We agree with the reviewer that in routine workflows it is standard practice to use a master mix and then add sample-specific cDNA volumes. However, our aim here was paedagogical rather than procedural: to make visible the extent of error introduced by pipetting 1 µL vs 2 µL vs 5 µL volumes, independent of other variables. This distinction is especially important in the context of low-copy qPCR, where small errors in input can lead to large fold-change artefacts.

 

We have clarified the rationale in the revised methods section to avoid confusion about the experimental purpose and to make explicit that this was not intended as a practical recommendation for reaction assembly, but as a focused investigation of pipetting-driven variability.
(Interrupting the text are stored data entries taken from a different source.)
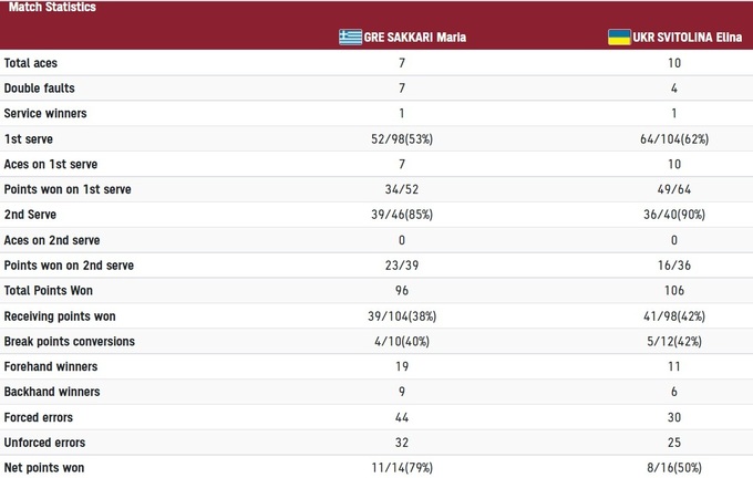 Во втором сете игра немного успокоилась, а Свитолина стала лучше играть на подаче. Хорошо полетела первая, в самые ответственные моменты проскакивали эйсы. Всего в сумме их получилось десять штук – прекрасный показатель для украинки даже в трехсетовом матче. Судьбу партии решил брейк уже в четвертом гейме, далее Элине удавалось выигрывать свои геймы. Гречанка в сумме имела три брейкпоинта, но реализации не было.
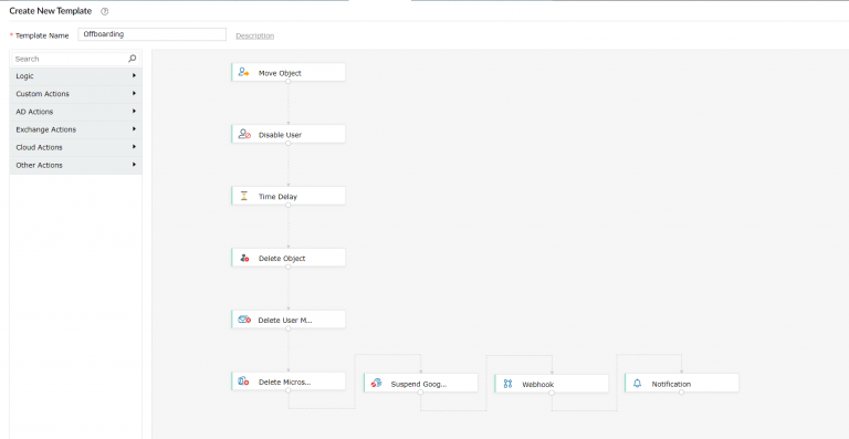 Dans la plupart des entreprises, la suppression complète d'un compte utilisateur et des autorisations d'accès associées prend des semaines, voire des mois, après le dernier jour d'un employé. Avec les modèles d'orchestration d'ADManager Plus, les admins peuvent définir une série de tâches d'offboarding à effectuer selon la stratégie de l'entreprise, comme le déplacement du compte vers une autre OU, la désactivation du compte pour une durée déterminée, la suppression de l'AD, Exchange, Microsoft 365, Google Workspace, la création de tickets pour révoquer les autorisations d'accès dans les outils ITSM et la notification de la suppression du compte aux parties prenantes telles que les admins IT et les managers.
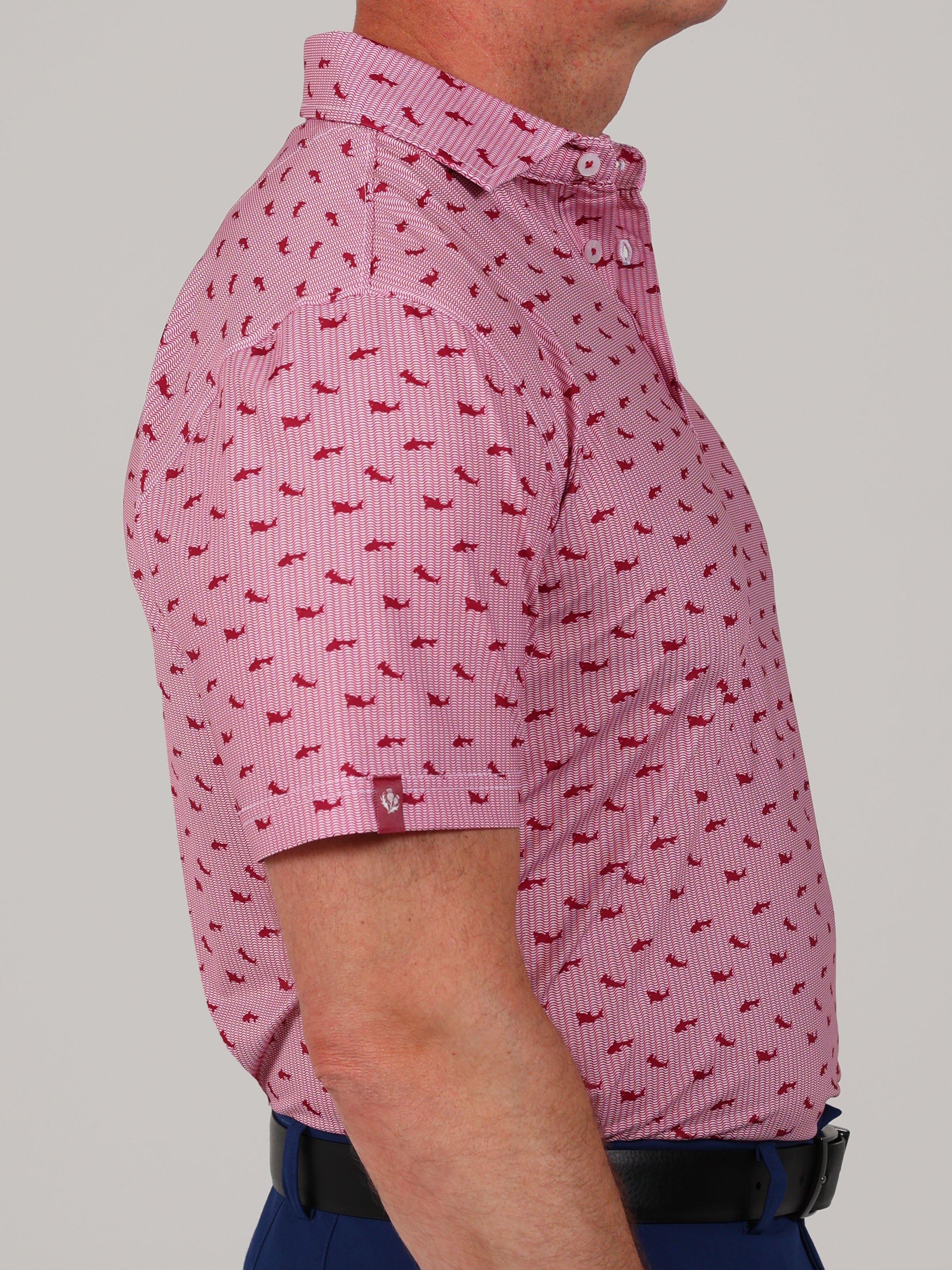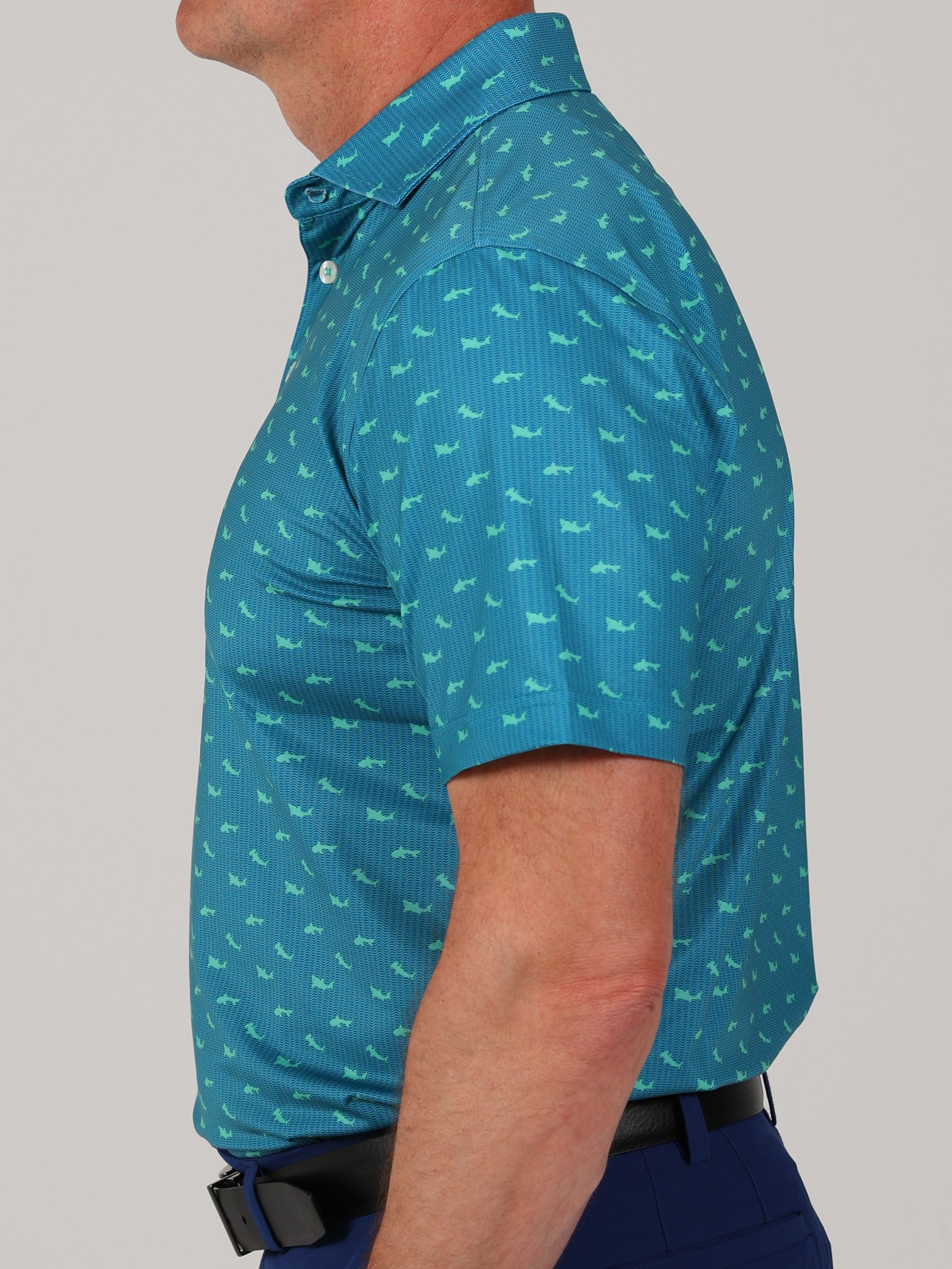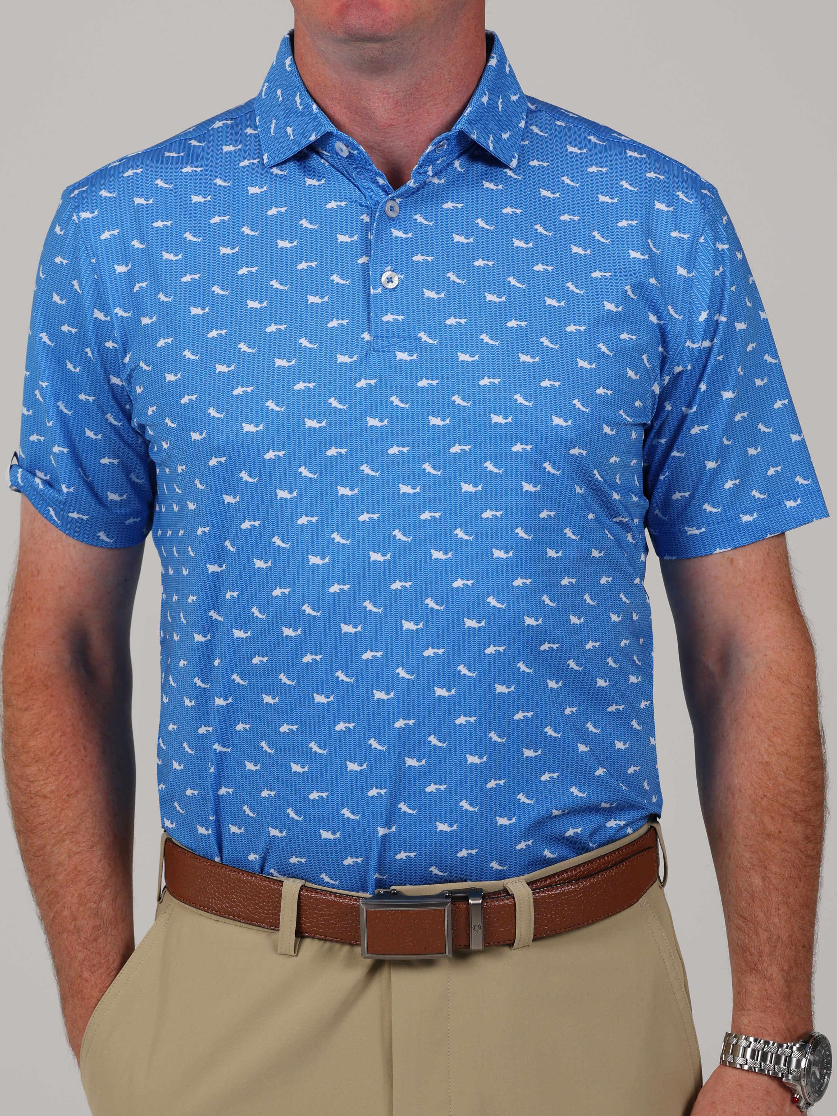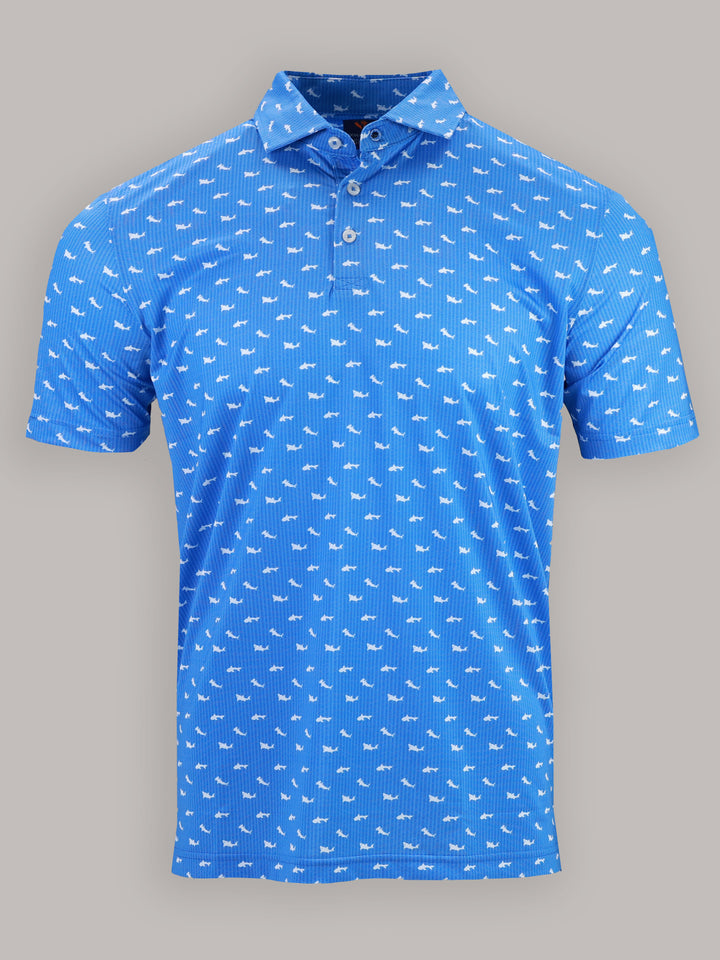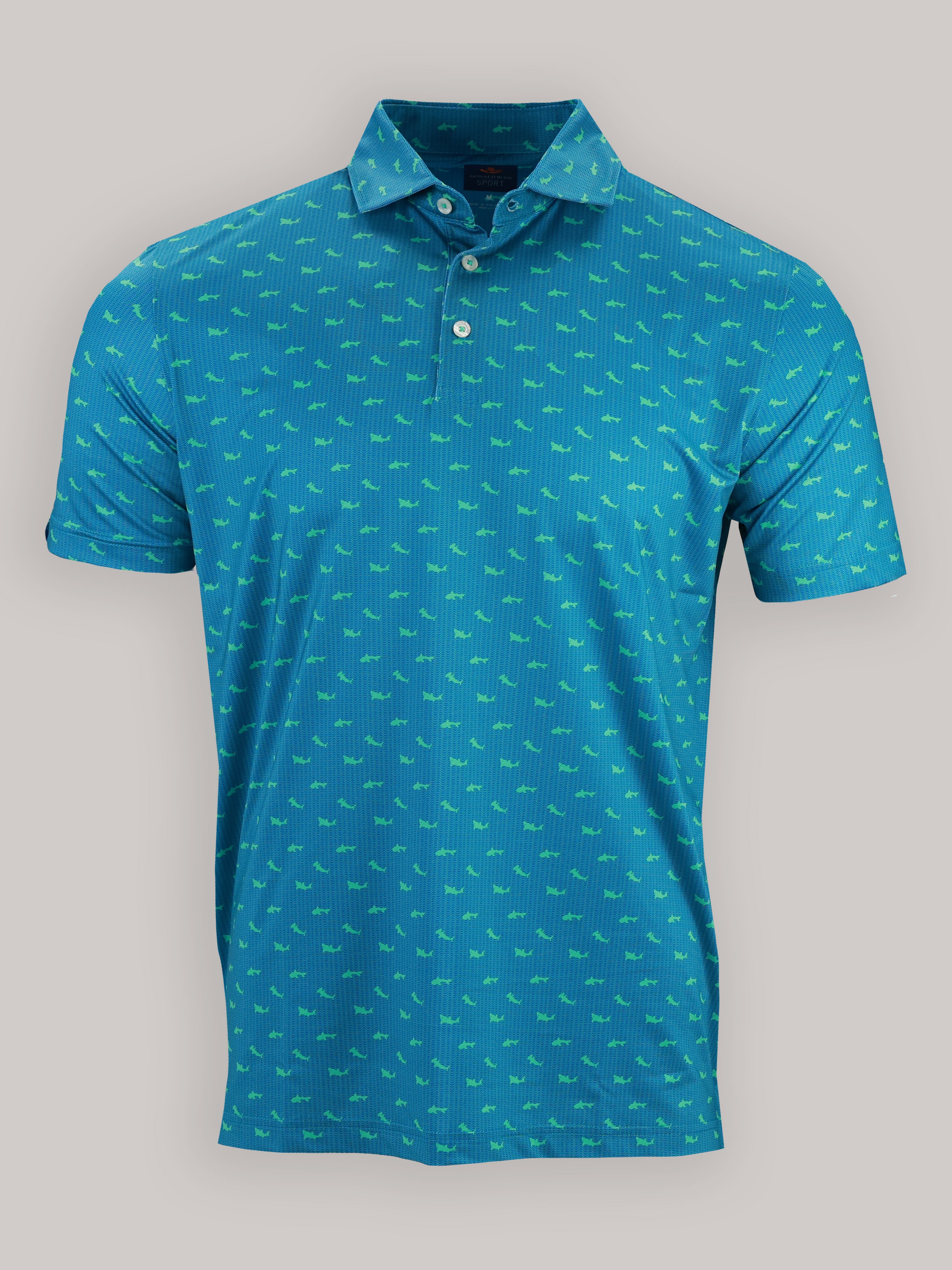 Description : Stay cool, sharp, and course-ready with the Callan Performance Jersey Golf Polo. Engineered for performance and elevated style, this men’s golf polo features a shark print and is crafted from a premium 91% polyester / 9% spandex blend for lightweight comfort and durability. Built with four-way stretch fabric, this polo moves with you—whether you're swinging on the course or heading into the clubhouse. The performance jersey knit offers exceptional breathability, moisture management, and a smooth hand feel, while UPF 50 sun protection keeps you shielded during long days outdoors. Designed with a classic three-button placket and a sophisticated spread collar, this polo brings a polished yet sporty look to your golf wardrobe. Backed by lifelong satisfaction, it's a piece you'll reach for round after round.

5. The reviewer raises a valid question about what one might expect when using different volumes of the same reaction mix. This experiment was indeed designed to isolate the effect of pipetting volume using a single homogeneous reaction mixture. The results confirmed that Cq values primarily track target concentration rather than absolute copy number. Whilst we initially attributed the observed Cq compression to stochastic sampling and efficiency loss near the detection threshold, we agree that the modest shift across a ~6-fold change in input volume (Figure S2) deserves clearer discussion. We have revised the Discussion accordingly, acknowledging that concentration-dependent fluorescence accumulation appears to play a dominant role, and that the naïve expectation of a log-linear Cq shift based on input copy number does not hold under these conditions. We now explicitly state the practical implication: using a consistent input volume is essential to avoid introducing unintended variability into qPCR measurements.

2.3. Replicate assays

1. We appreciate the reviewer’s further remarks concerning the design and relevance of our low-copy replicate experiment. We note that this comment differs from the earlier concern about pipetting accuracy, which focused on the use of varying reaction volumes to test volumetric precision. In that context, our intention was to isolate pipetting-related variability using a controlled, uniform reaction mix. By contrast, the present experiment involving 24 replicate wells seeded from a common reaction mix was designed not to reflect routine qPCR workflows, but to expose the extent of stochastic variation at low copy number under optimised and uniform conditions. This would of course not be done in real-life, but our objective was to illustrate that even under idealised circumstances, substantial variability can arise when template numbers approach the stochastic threshold. The exercise was not meant to simulate everyday laboratory protocols, but to provide a visual and quantitative reference point for appreciating the effects of low input on Cq dispersion.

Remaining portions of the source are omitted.